In the experiments, ERIM is compared against two known mapping algorithms.

• The first mapping algorithm is Temperature balance (TB), modified from [21]. In TB, the tasks are sorted in decreasing order by their power consumption. The tasks are mapped so that the power consumption of each pillar is balanced.

• The second mapping algorithm is Temperature-Aware Low Power Mapping (TL) in [20]. TL sorts communication edges by assigning priorities according to the communication volume (or bandwidth). For communication-centric applications, TL maps the edges with larger communication volume to vertical links. For

<sup>(3)</sup>T264. http://www.codeforge.cn/article/96237, Nov. 2012

<sup>(4)</sup>E3S. http://ziyang.eecs.umich.edu/~dickrp/e3s/, Nov. 2011.

computation-centric applications, TL maps the tiles to the bottom layer.

# 6.2 Benchmark Characteristics

The experiments are conducted with two sets of benchmarks. The first set consists of random applications with their task graphs generated from TGFF<sup>[31]</sup>. The performance metrics of ERIM, TB, and TL are compared, including 1) energy efficiency and temperature difference, 2) fragmentation results in terms of average response time and system utilization. Table 2 lists the parameters of the random benchmarks. For each random experiment, five experiments are conducted with the averaged results reported.

Table 2. Parameters of Random Benchmarks

| Parameters                      | Value                     |
|---------------------------------|---------------------------|
| Number of vertices              | [3, 35]                   |
| Number of edges                 | [5, 40]                   |
| Average execution time (cycles) | [200, 1200]               |
| Number of total applications    | 10                        |
| Task power consumption (mW)     | [20, 120]                 |
| Communication volume (bits)     | $[100,  100  \mathrm{K}]$ |
| CMOS technology point           | $90\mathrm{nm}$           |

The second suite consists of five real applications, as tabulated in Table 3. Among the real applications, T264 decoder<sup>(3)</sup> is a typical video processing application. AES encoder/decoder are typical encryption applications<sup>[32]</sup>. The automotive and consumer from  $E3S^{(4)}$  are used in literatures as [7]. The matrix multiplication is a kernel program for many scientific applications. OFDM is a typical streaming communication application<sup>[33]</sup>.

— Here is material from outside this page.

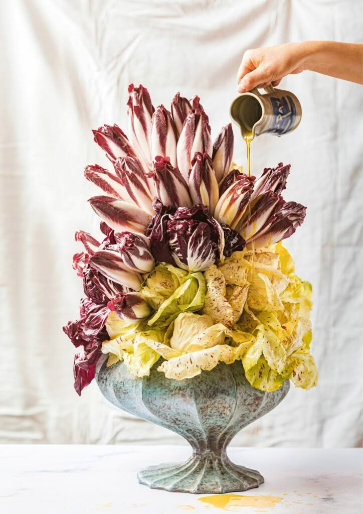 Barbara is my doctor, but she’s also my pal and she adores food. She went to Estela in New York where they have a famous salad made with white endive dotted with anchovies, orange and crisp little breadcrumbs – it’s magnificent. We’ve put our own twist on it using pickled anchovies, Castelfranco radicchio, Tomme au Marc de Raisin cheese, torn pomelo and picada. It’s pure Barbara: zesty, arty and stylish.

Table 3. Characteristics of Real Benchmarks

| Benchmark Name        | Number of | Number of | Template      |
|-----------------------|-----------|-----------|---------------|
|                       | Task      | Edge      |               |
| T264 dec              | 4         | 7         | Comp. centric |
| Automotive            | 24        | 22        | Comp. centric |
| Consumer              | 12        | 12        | Comp. centric |
| AES decoder           | 16        | 16        | Comm. centric |
| AES encoder           | 16        | 16        | Comm. centric |
| OFDM transmitter      | 10        | 9         | Comp. centric |
| OFDM receiver         | 16        | 19        | Comp. centric |
| Matrix multiplication | 5         | 4         | Comm. centric |

For all these applications, tasks are partitioned offline. The execution time and power consumption of the tasks from applications are profiled offline using Wattch/SimpleScaler<sup>[34]</sup> (configured as a PISA architecture) which can report power traces of the tasks. The communication volume among the tasks is manually analyzed.

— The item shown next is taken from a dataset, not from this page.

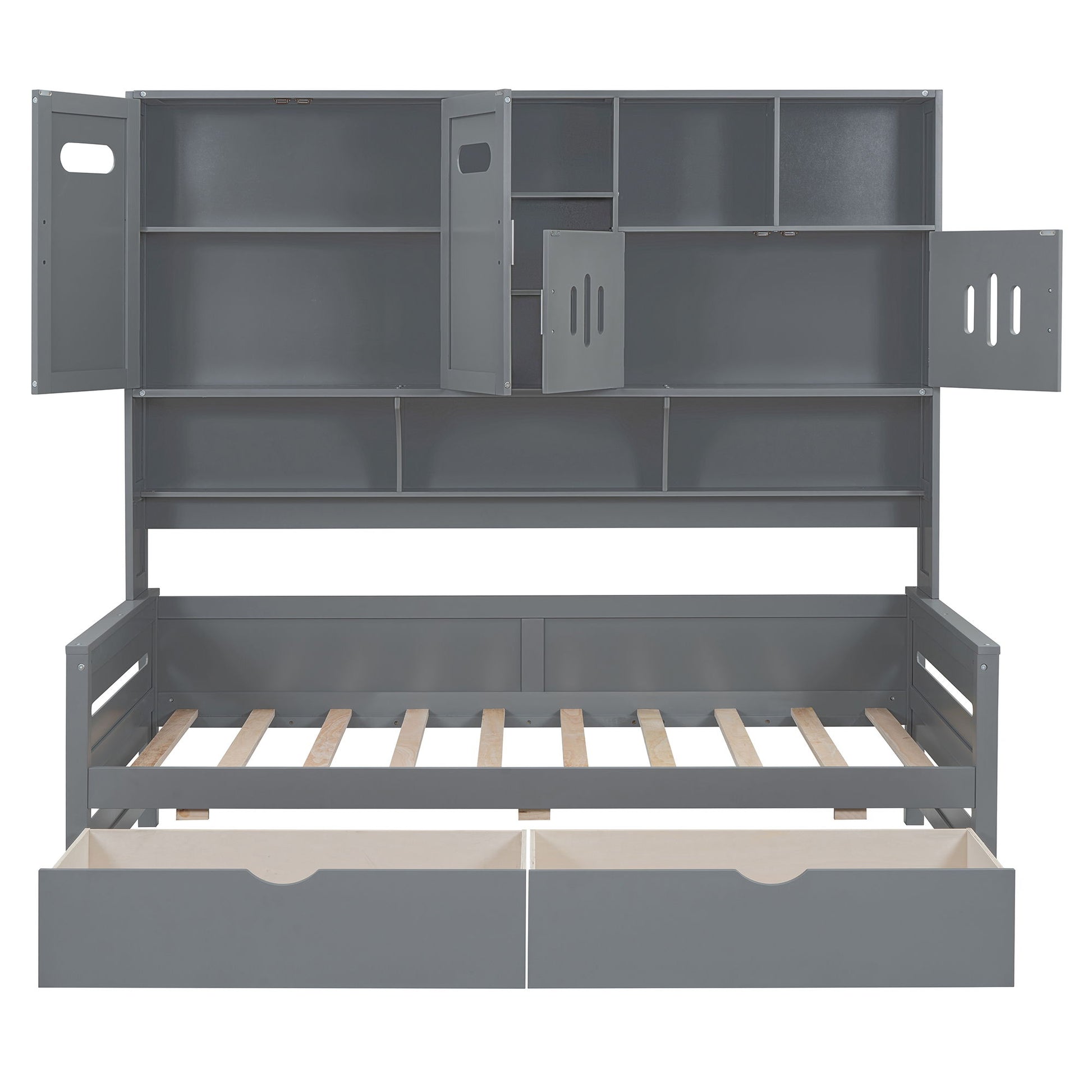 Full Size Daybed With 2 Drawers And All In One Cabinet And Shelf - Gray

The T264 decoder has four pipeline stages, and the input to the decoder is a frame of foreman with quarter common intermediate format (QCIF). We follow the task partition in [32] and profile the corresponding tasks in the code of the AES decoder and encoder, which are partitioned into four pipeline stages and duplicated to 16 tasks. The tasks of automotive and consumer from E3S are obtained from MiBench<sup>(5)</sup>. The matrix multiplication is partitioned into five tasks.

We also include the task graphs of OFDM transmitter and receiver from [33] into our benchmark suites. The execution time of tasks of OFDM is from [33] and the power consumption trace is set to a uniform random sequence with the average set to be 120 mW.

### 7 Experimental Results

To evaluate the proposed ERIM framework, extensive experiments have been conducted.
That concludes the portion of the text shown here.